____ Extracted material

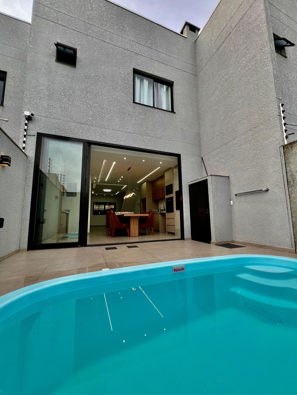 Área nos fundos com piscina;
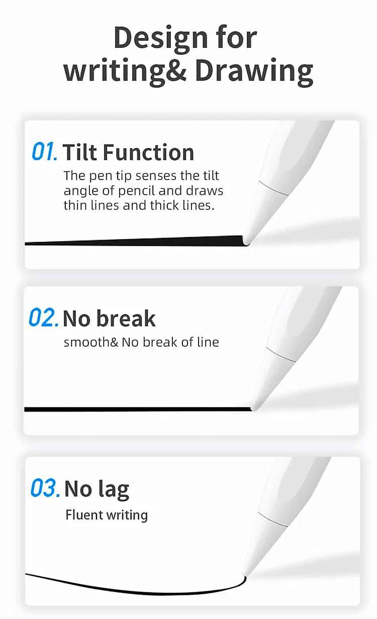 Bút cảm ứng stylus thông minh đầu bút siêu mịn mượt hiệu WIWU Pencil Pro cho iPad Pro và các dòng iPad / iPad Mini từ đời 2018 trở lên hỗ trợ viết vẽ nghiêng
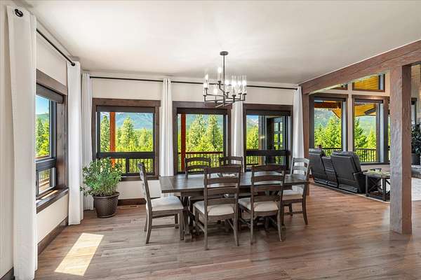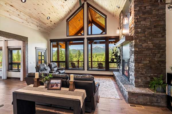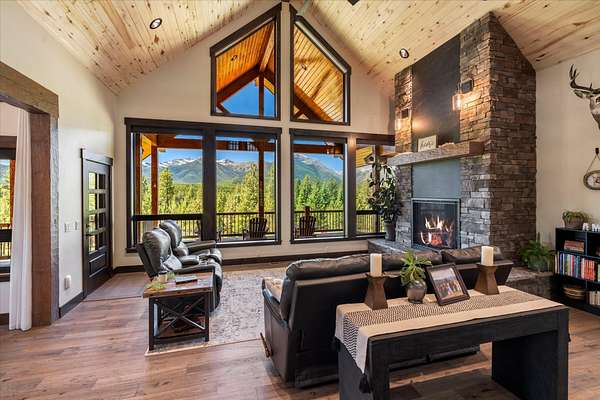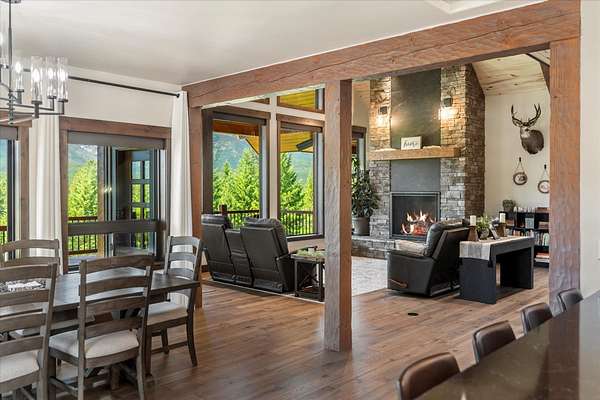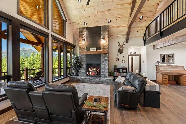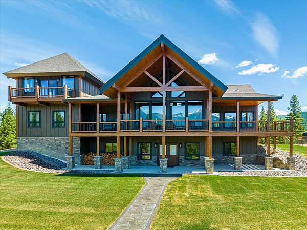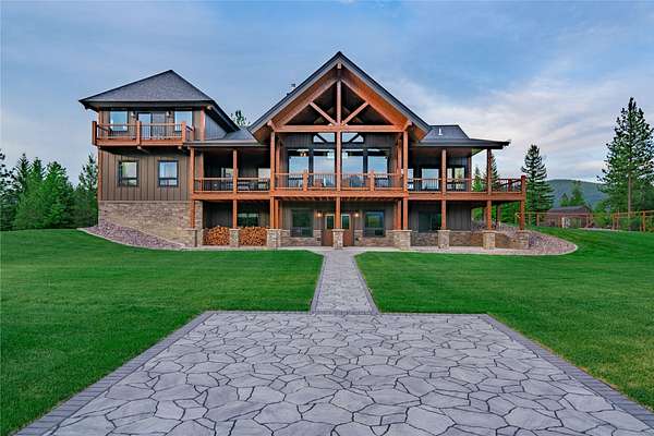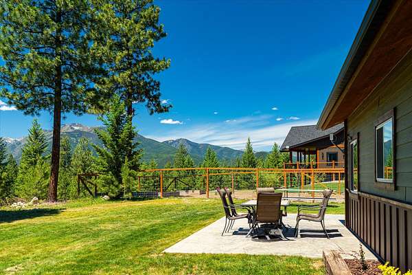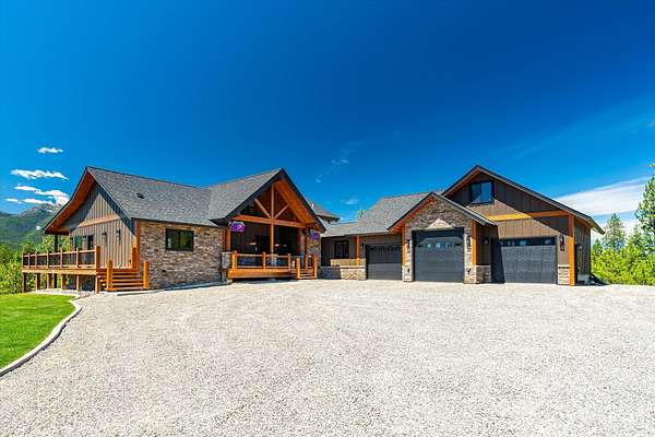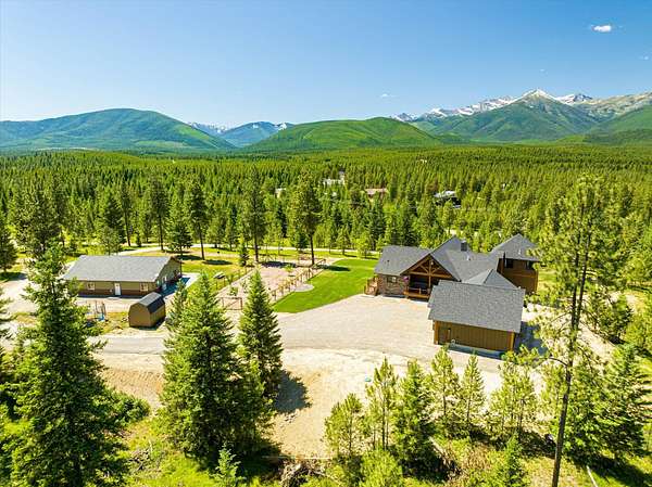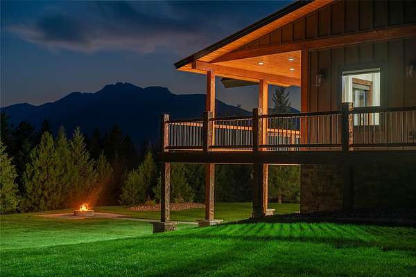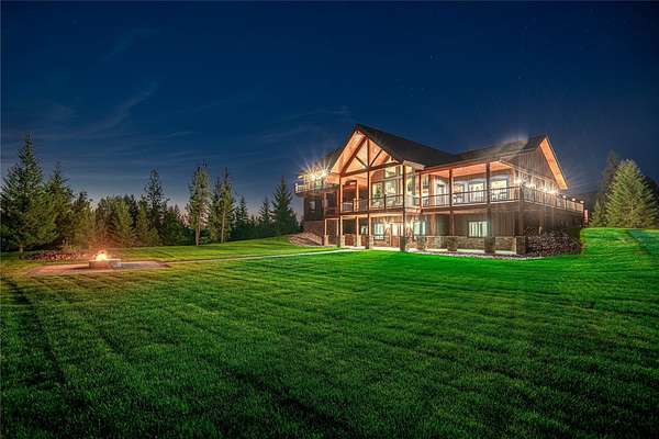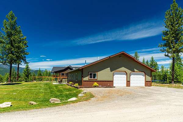This NW Montana estate feels like its own world-nearly 30 acres of forested hillside, two beautiful homes, and views that stretch for miles. The main home, finished in 2024, blends luxury with Montana character: hand-peeled logs, a towering rock fireplace, custom ironwork, aspen ceilings, and hickory floors. Sunlight pours through the expansive windows, drawing your eye to the mountains beyond. The kitchen is built for those who love to cook and gather, with Italian appliances, quartz counters, a hidden pantry, and a built-in espresso maker. The primary suite's jetted tub sits beneath picture windows, creating a private retreat with nature as the backdrop. Downstairs, the home opens to a large family room that leads directly to the patio, lawn, and firepit. With a second kitchen, two more bedrooms, and a game-processing/canning room, the lower level is ready for guests, hobbies, or extended stays. Upstairs you'll find panoramic windows, breathtaking views, a wet bar, and balcony. This home includes a spacious three-car garage with extra-large overhead doors and a large storage loft for extra convenience. The second home, built in 2019, is charming and efficient, with two bedrooms, a woodstove, and its own oversized garage. It currently serves as a successful short-term rental. Between the homes, a fenced garden and orchard provide berries, fruit trees, and raised beds. A whole-property generator ensures peace of mind. Despite its mountaintop feel, the estate offers year-round access and is minutes from everyday conveniences. Outdoor recreation abounds nearby, including the Cabinet Mountain Wilderness, Lake Koocanusa, Kootenai Falls, Ross Creek Cedars, and even Glacier National Park and Whitefish Mountain Resort are an easy drive away.
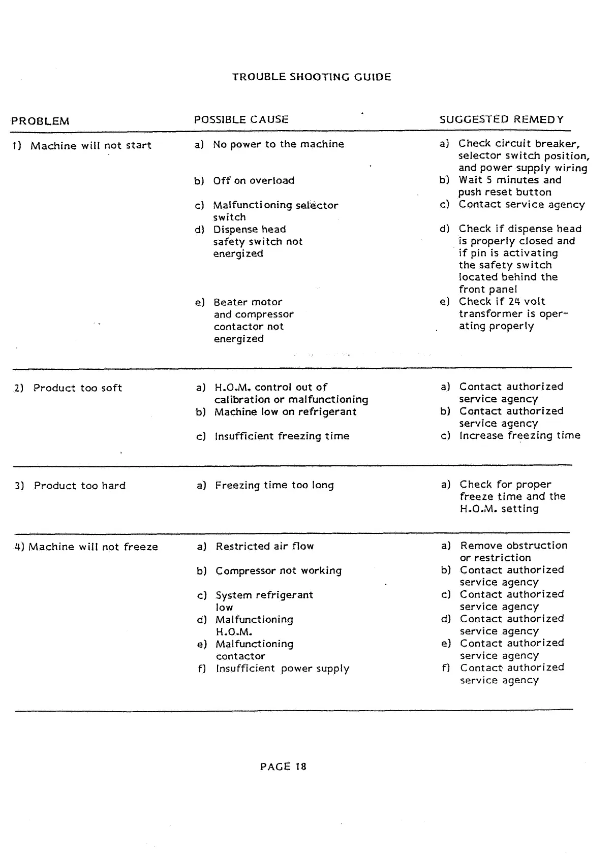 Machine will not freeze a) Restricted air flow
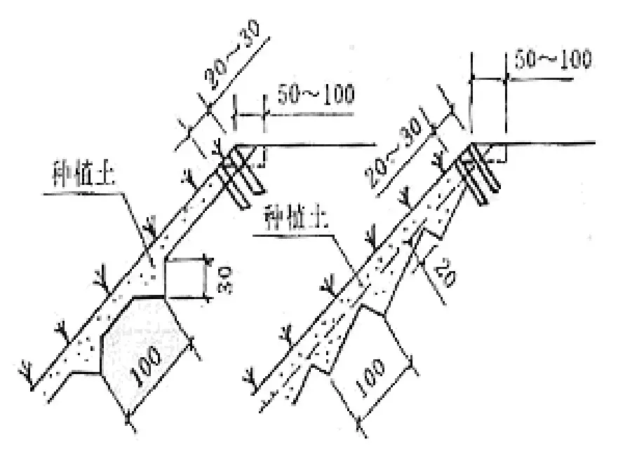 植草是一種施工簡單、造價經(jīng)濟的有效坡面防護方法,適用于草類生長的土質(zhì)路堤和路塹邊坡,一般要求邊坡坡度緩于1:1.25時,容許地表水流速0.4~0.6m/s,單級坡高在6.0m以內(nèi)。種草時將草籽加土拌和,均勻播種在表土適當(dāng)翻松的坡面上,必要時坡面加鋪5~10cm的種植土層,以有利種草成活和生長。

________

What to produce
Begin at the first line of the entries and end at the line containing "Bút cảm ứng": write out each line exactly, skipping pictures.

Output of the task
 Área nos fundos com piscina;
 Bút cảm ứng stylus thông minh đầu bút siêu mịn mượt hiệu WIWU Pencil Pro cho iPad Pro và các dòng iPad / iPad Mini từ đời 2018 trở lên hỗ trợ viết vẽ nghiêng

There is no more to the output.